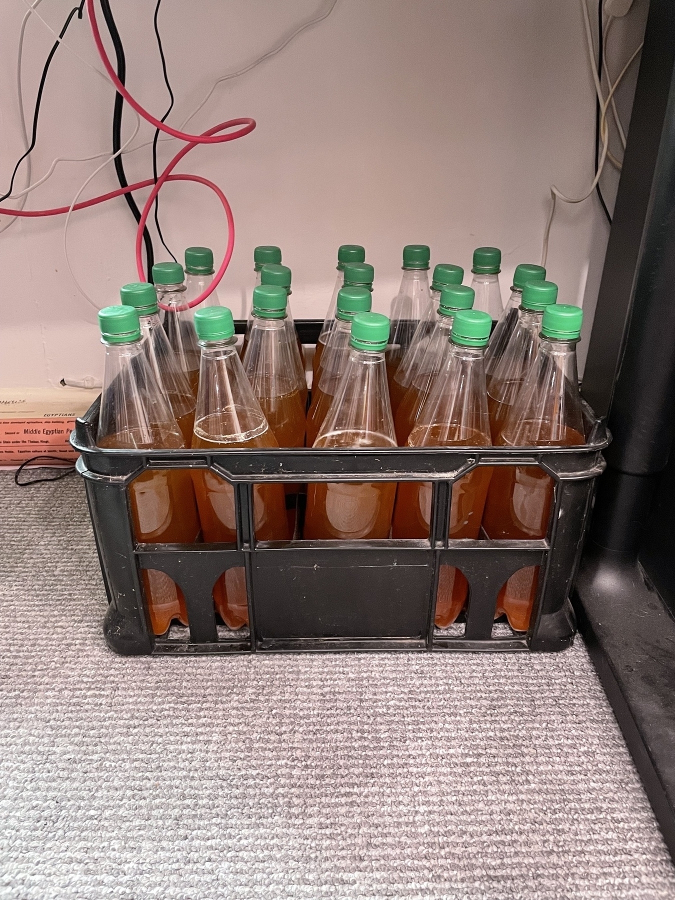 Chinook Beer now bottled, next a few days for the refined sugar to add a little fizz and then cooling/clearing period (min 10days). I had forgotten the 48 bottles I have are 1 litre so I have realised that I can start a new brew instantly as I have more than enough for two batches to be on the go 🍺
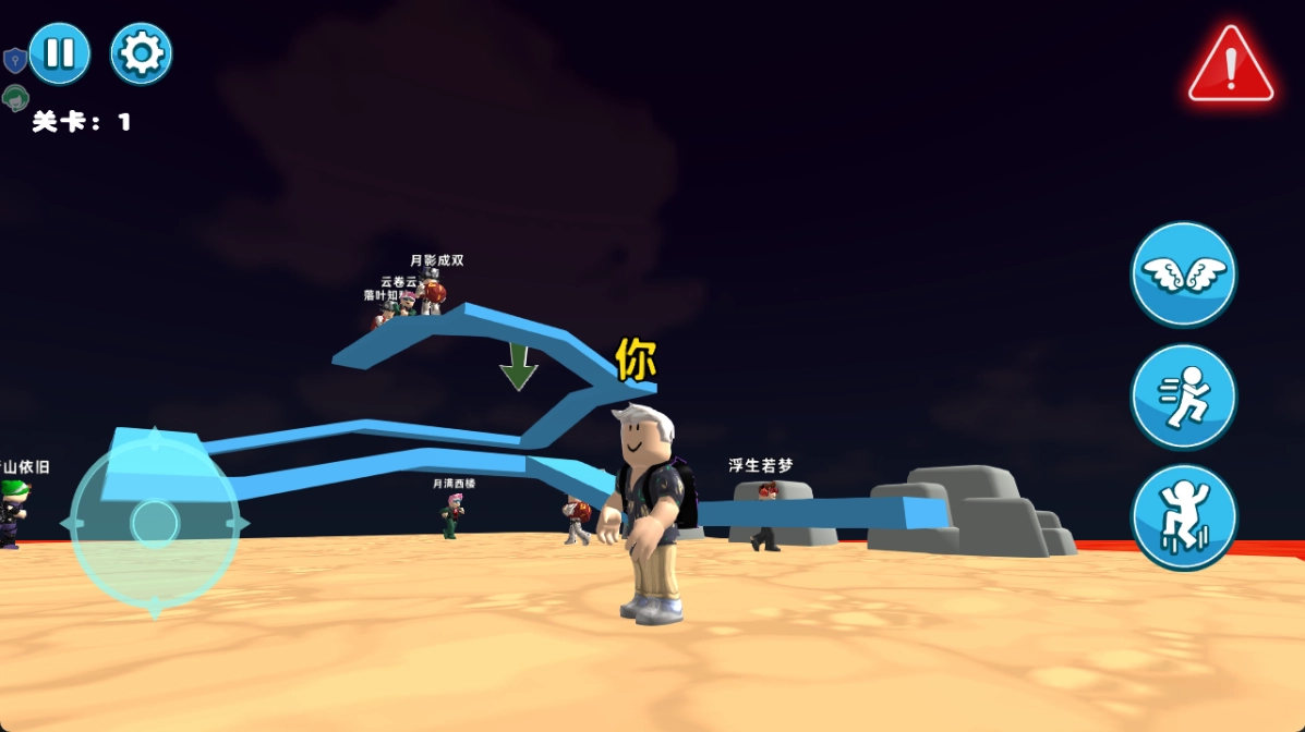 通过点击和滑动的操作方式,控制方块人在场景里完成移动与跳跃的动作。
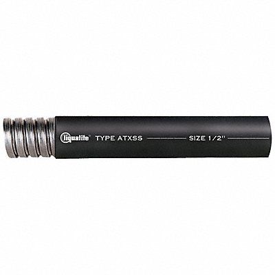 Liquid Tight Conduit Trade Size 1/2 in Bend Radius 3 in Color Black Approval Rating ARRA CE RoHS UL WEEE 316 Stainless Steel Jacket Material Thermoplastic Rubber Max Operating Temp 329 Degrees F Min Operating Temp -76 Degrees F Nominal Length 100 ft Finish Stainless Flammability Rating UL 94 HB Flexibility Flexible Indoor/Outdoor Usage Outdoor Only Inside Diameter 0.62 in 0.64 in Jacket Color Black Jacketed Yes
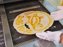ペーストを丸くし、専用の焼き器で伸ばして素焼き(?)し、そこに醤油やソースで絵を描く。そして、再び本焼きをすればできあがり。
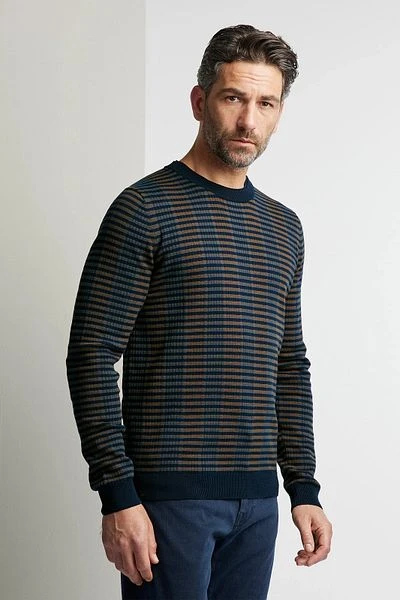 Zijn comfort krijgt de herentrui van de 100% katoen waarmee deze ontwikkeld is. Dit zorgt er samen met de licht getailleerde Modern-Fit pasvorm voor dat je er dit seizoen naast stijlvol ook met een hoog draagcomfort bijloopt.
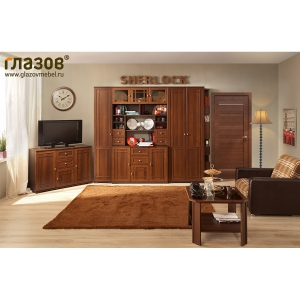 Оригинальная и функциональная Гостиная BERLIN состоит из основных элементов: шкаф навесной состоит из трёх секций за матовыми стеклянными дверцами и двух открытых полок, две тумбы многоцелевого назначения состоит из двух секций с полками за глухими дверцами по бокам, одного отделения за глухой дверцей по середине снизу, и двух выдвижных ящиков, шкаф для одежды состоит из одной широкой полки сверху и штанги для вешалок, шкаф для посуды состоит из четырёх полок, стол журнальный со стеклянной поднимающейся столешницей и полкой под ней, органайзер состоит из двух тумбочек с двумя выдвижными ящиками и двух открытых полок и столешницы. Необычная Гостиная Sherlock выполненная в брутальном английском стиле, создаст строгое и правильное настроение времён конца 19 века.
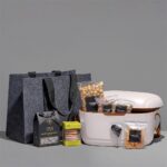 The Elegant Escape hamper is a sophisticated blend of style and luxury designed for the trendy adventurer. Elevate your adventures with a hamper that ensures you enjoy the great outdoors with unmatched elegance and flair. The Yatta range of hampers is expertly crafted to provide a delightful experience with a curated selection of premium items and edible treats. Elegantly presented in a luxury Serendipio Marina 12-Litre Cooler Box.  This hamper is further encased in a large size durable Dark Grey RPET felt gift bag.  Felt Bag: 40 ( l ) x 20  ( w )  x 33 ( h ) cm The hamper contains: Serendipio Marina 12-Litre Cooler Box (GP-SD-35-B) Yatta African Sucker  1701 160g Nougat Box  1701 200g Biscuits  Yatta Caramel Popcorn  Yatta 100g Caramelised Nuts  Yatta 100g Dried Mango  Yatta 100g Raw Mixed Nuts  Disclaimer Lead times for consumables may take between 20 – 28 days to replenish. Please contact your Account Manager if the quantity you need exceeds current stock availability.
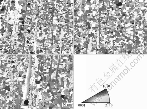 Fig.4 EBSD analysis of alloys with different Zn contents: (a) 0.5Zn%; (b) 1.5%Zn; (c) 2.0%Zn
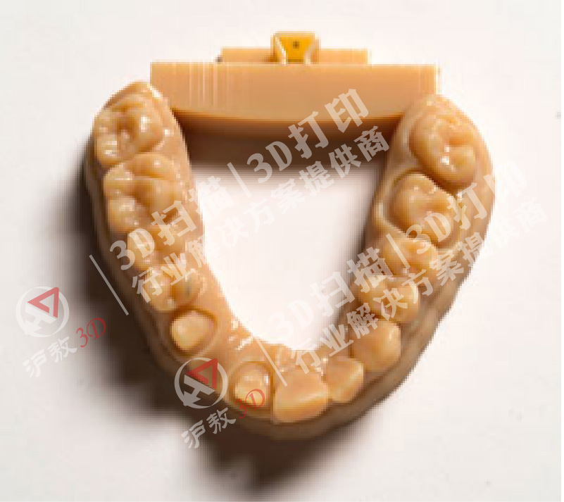 3D测量和数字化分析法具有较高的精确性,可对人牙咬痕作出精确的分析认定。建议在以后的咬痕鉴定中采用此方法做为嫌疑人个体识别认定的科学依据。(下图为3D打印牙模)
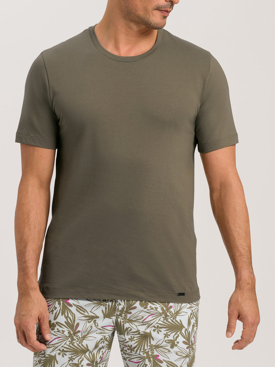 تي شيرت مريح باللون الزيتوني الأخضر خط رقبة مستدير. غير شفاف ومثالي للاسترخاء والسفر. يمكن تنسيقه بشكل ممتاز مع جميع قطع هذه السلسلة.
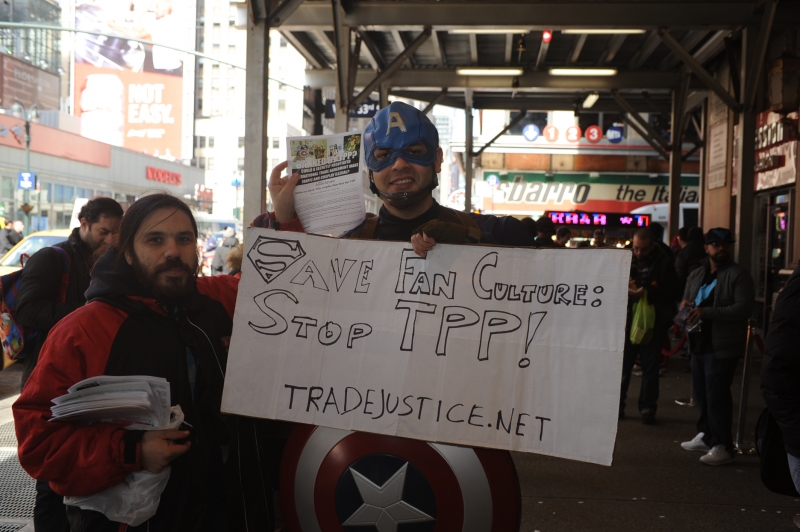 On Saturday, March 5th, TradeJustice activists leafletted at the Big Apple Convention, a comic book and pop culture show at the Penn Plaza Pavillion across the street from Penn Station on 7th Avenue. Our objective was to in warn fans that TPP's intellectual property rules threaten to criminalize popular fan hobbies including:
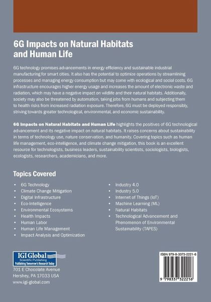 "This book gives perspective about the effects of technological development on the natural habitats as well as the effect on the human life. It will cover the generation of networks pros and cons, effects of 6G on natural habitat, IoT with 6G in the Context of Industry 4.0, comparative study of 6G Wireless Communication Networks, scope and future trends in 6G, and the impact of 6G Technologies on Industry 5.0"-- Provided by publisher.
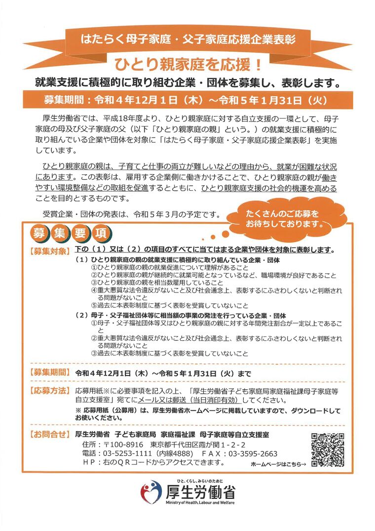 【厚生労働省】令和4年度「はたらく母子家庭・父子家庭応援企業表彰」の公募を開始します
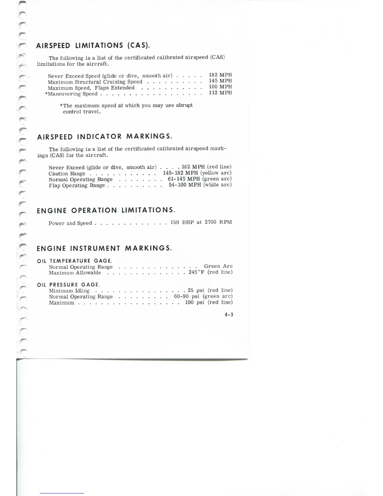 Cessna 1973 172 - Airspeed and Engine Limitations; Instrument Markings and Indicators
+ + +
Send back the data above verbatim, leaving out its pictures.

 Chinook Beer now bottled, next a few days for the refined sugar to add a little fizz and then cooling/clearing period (min 10days). I had forgotten the 48 bottles I have are 1 litre so I have realised that I can start a new brew instantly as I have more than enough for two batches to be on the go 🍺
 通过点击和滑动的操作方式,控制方块人在场景里完成移动与跳跃的动作。
 Liquid Tight Conduit Trade Size 1/2 in Bend Radius 3 in Color Black Approval Rating ARRA CE RoHS UL WEEE 316 Stainless Steel Jacket Material Thermoplastic Rubber Max Operating Temp 329 Degrees F Min Operating Temp -76 Degrees F Nominal Length 100 ft Finish Stainless Flammability Rating UL 94 HB Flexibility Flexible Indoor/Outdoor Usage Outdoor Only Inside Diameter 0.62 in 0.64 in Jacket Color Black Jacketed Yes
ペーストを丸くし、専用の焼き器で伸ばして素焼き(?)し、そこに醤油やソースで絵を描く。そして、再び本焼きをすればできあがり。
 Zijn comfort krijgt de herentrui van de 100% katoen waarmee deze ontwikkeld is. Dit zorgt er samen met de licht getailleerde Modern-Fit pasvorm voor dat je er dit seizoen naast stijlvol ook met een hoog draagcomfort bijloopt.
 Оригинальная и функциональная Гостиная BERLIN состоит из основных элементов: шкаф навесной состоит из трёх секций за матовыми стеклянными дверцами и двух открытых полок, две тумбы многоцелевого назначения состоит из двух секций с полками за глухими дверцами по бокам, одного отделения за глухой дверцей по середине снизу, и двух выдвижных ящиков, шкаф для одежды состоит из одной широкой полки сверху и штанги для вешалок, шкаф для посуды состоит из четырёх полок, стол журнальный со стеклянной поднимающейся столешницей и полкой под ней, органайзер состоит из двух тумбочек с двумя выдвижными ящиками и двух открытых полок и столешницы. Необычная Гостиная Sherlock выполненная в брутальном английском стиле, создаст строгое и правильное настроение времён конца 19 века.
 The Elegant Escape hamper is a sophisticated blend of style and luxury designed for the trendy adventurer. Elevate your adventures with a hamper that ensures you enjoy the great outdoors with unmatched elegance and flair. The Yatta range of hampers is expertly crafted to provide a delightful experience with a curated selection of premium items and edible treats. Elegantly presented in a luxury Serendipio Marina 12-Litre Cooler Box.  This hamper is further encased in a large size durable Dark Grey RPET felt gift bag.  Felt Bag: 40 ( l ) x 20  ( w )  x 33 ( h ) cm The hamper contains: Serendipio Marina 12-Litre Cooler Box (GP-SD-35-B) Yatta African Sucker  1701 160g Nougat Box  1701 200g Biscuits  Yatta Caramel Popcorn  Yatta 100g Caramelised Nuts  Yatta 100g Dried Mango  Yatta 100g Raw Mixed Nuts  Disclaimer Lead times for consumables may take between 20 – 28 days to replenish. Please contact your Account Manager if the quantity you need exceeds current stock availability.
 Fig.4 EBSD analysis of alloys with different Zn contents: (a) 0.5Zn%; (b) 1.5%Zn; (c) 2.0%Zn
 3D测量和数字化分析法具有较高的精确性,可对人牙咬痕作出精确的分析认定。建议在以后的咬痕鉴定中采用此方法做为嫌疑人个体识别认定的科学依据。(下图为3D打印牙模)
 تي شيرت مريح باللون الزيتوني الأخضر خط رقبة مستدير. غير شفاف ومثالي للاسترخاء والسفر. يمكن تنسيقه بشكل ممتاز مع جميع قطع هذه السلسلة.
 On Saturday, March 5th, TradeJustice activists leafletted at the Big Apple Convention, a comic book and pop culture show at the Penn Plaza Pavillion across the street from Penn Station on 7th Avenue. Our objective was to in warn fans that TPP's intellectual property rules threaten to criminalize popular fan hobbies including:
 "This book gives perspective about the effects of technological development on the natural habitats as well as the effect on the human life. It will cover the generation of networks pros and cons, effects of 6G on natural habitat, IoT with 6G in the Context of Industry 4.0, comparative study of 6G Wireless Communication Networks, scope and future trends in 6G, and the impact of 6G Technologies on Industry 5.0"-- Provided by publisher.
 【厚生労働省】令和4年度「はたらく母子家庭・父子家庭応援企業表彰」の公募を開始します
 Cessna 1973 172 - Airspeed and Engine Limitations; Instrument Markings and Indicators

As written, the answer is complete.